HONG KONG – "Small" beats "big" in terms of courage among the operators of Hong Kong’s Chinese bookshops. Too many book merchants deprive their customers of desirable choices by refusing to carry books on topics deemed “sensitive” by the Chinese mainland government.
Ida Chan, a Hong Kong TV executive, has noticed this grim reality. Recently, she wrote and published June 4th: 20, a 270-page book (2009, Chinese language, HK$60) about what has happened to the former Beijing student leaders who 20 years ago led popular street protests.

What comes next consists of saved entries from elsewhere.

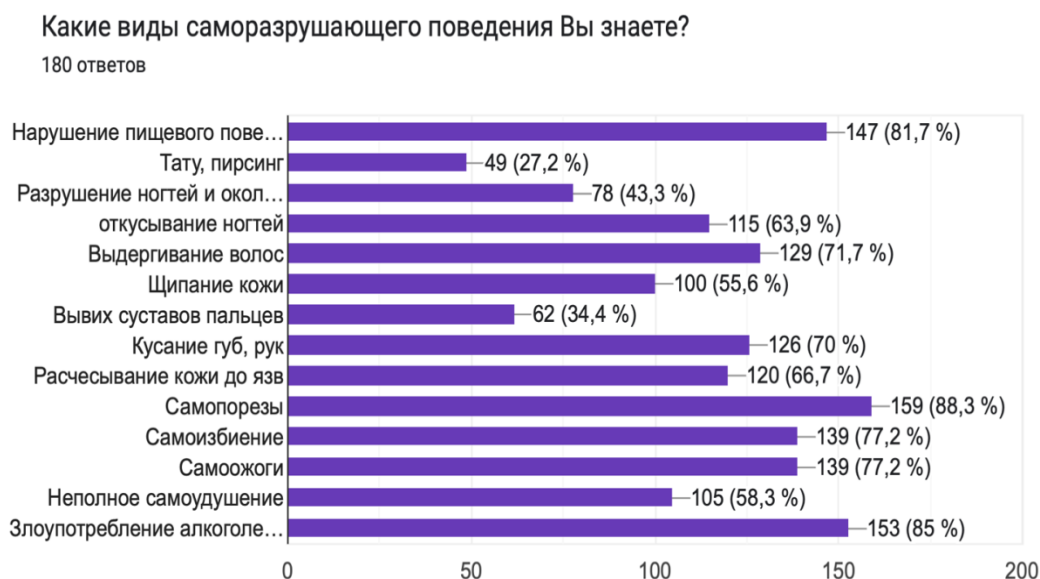
Рис 1. Ответ на вопрос Какие виды саморазрушающего поведения вы знаете?

Самым «популярным» способом самотравмирующего поведения в студенческой среде являются самопорезы, нарушение пищевого поведения и злоупотребление алкоголем.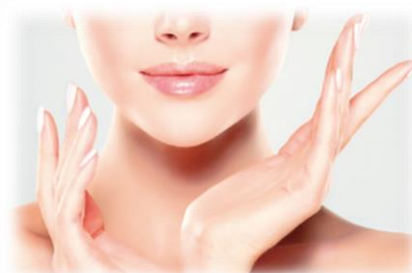
化粧品向け機能樹脂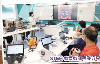
STEM教育教師專業分享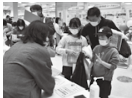
クイズの答えを家族で考える

電気・ガス・環境などについて、暮らしに役立つヒントなどを紹介します。 住みよい暮らしの情報を集めに出かけてみませんか。 日時=1月20日(土)・21日(日) 午前10時~午後4時 会場=コアエルム成田店1階センタープラザ 内容 ○クイズに答えて巡るスタンプラリー ○電気・ガス・環境などに関する製品の紹介や、パネル・ポスターの展示 ○廃食油から作った石けん、花苗、各種啓発グッズなどの配布 ※くわしくは商工課(☎20-1622)へ。

On June 4, 1989, the Chinese military crushed the protests, killing or injuring thousands of people. Ever since, the national propaganda machine has tried to downplay the protests and everything about the Beijing Massacre.
Ida’s book sells mainly at small Hong Kong bookstores. Larger book-sellers, those with mainland investment or business interests, don’t carry it because of the “politically sensitive” content. Despite Hong Kong’s alleged media freedoms, they fear angering the Beijing authorities.
“My book appears mostly in the second-floor bookstores, those run by individuals and located above street-level where the rents are lower,” Ida said. “Real book-lovers go upstairs to those small shops.”
When the larger book vendors with impressive street-side premises decide on stock, they focus on two factors. “One is commercial value – will a book be money-making?” Ida said. “The other is politics. They judge the political background.”
Bookshop bosses who timidly censor their stock for political reasons badly diminish Hong Kong’s freedoms. People on the streets won’t easily forgive them.
For readers, writers and bookshops, anyone too fearful to exercise their basic freedoms quickly loses them.